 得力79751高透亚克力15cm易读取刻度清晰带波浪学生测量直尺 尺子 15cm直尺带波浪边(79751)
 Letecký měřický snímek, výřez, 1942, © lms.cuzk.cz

---

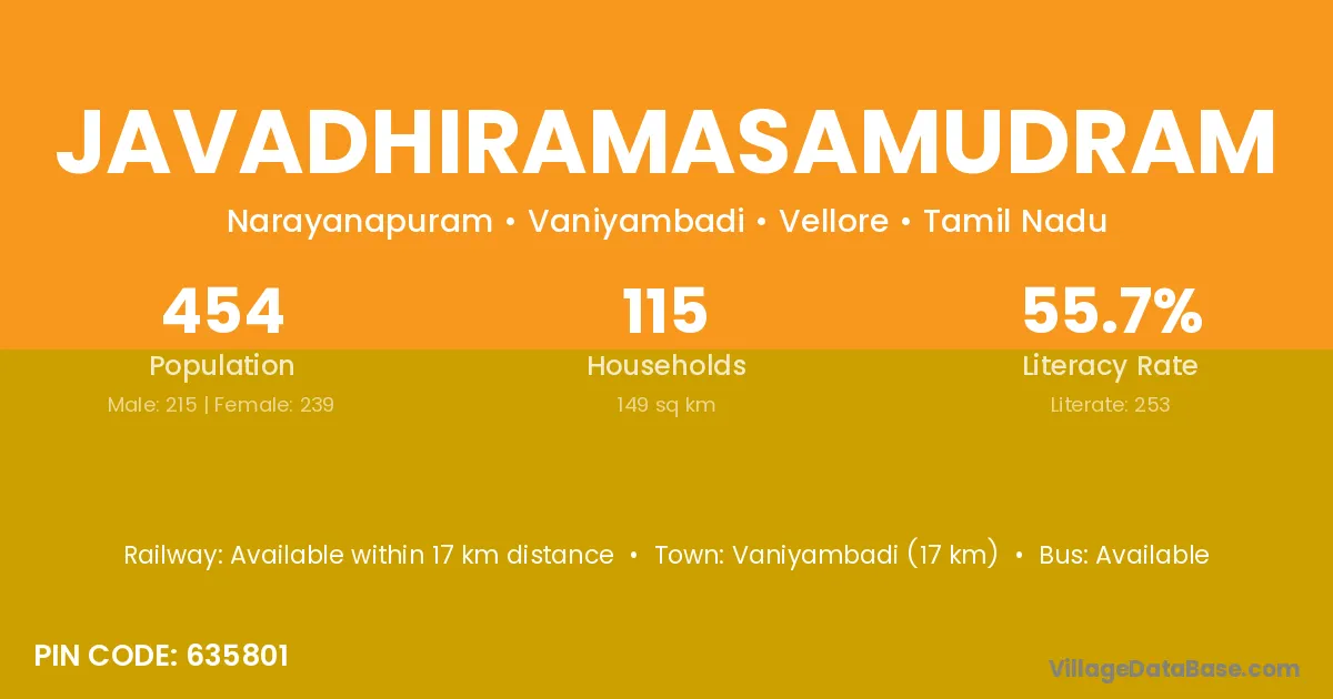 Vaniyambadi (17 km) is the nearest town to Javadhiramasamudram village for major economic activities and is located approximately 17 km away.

Task details:
Using the listing above, return word for word each line from the one that has "得力79751高透亚克力15cm易读取刻度清晰带波浪学生测量直尺 尺子 15cm直尺带波浪边(79751)" through the one that has "Letecký měřický snímek, výřez, 1942, ©", and no line outside that range.

Your solution:
 得力79751高透亚克力15cm易读取刻度清晰带波浪学生测量直尺 尺子 15cm直尺带波浪边(79751)
 Letecký měřický snímek, výřez, 1942, © lms.cuzk.cz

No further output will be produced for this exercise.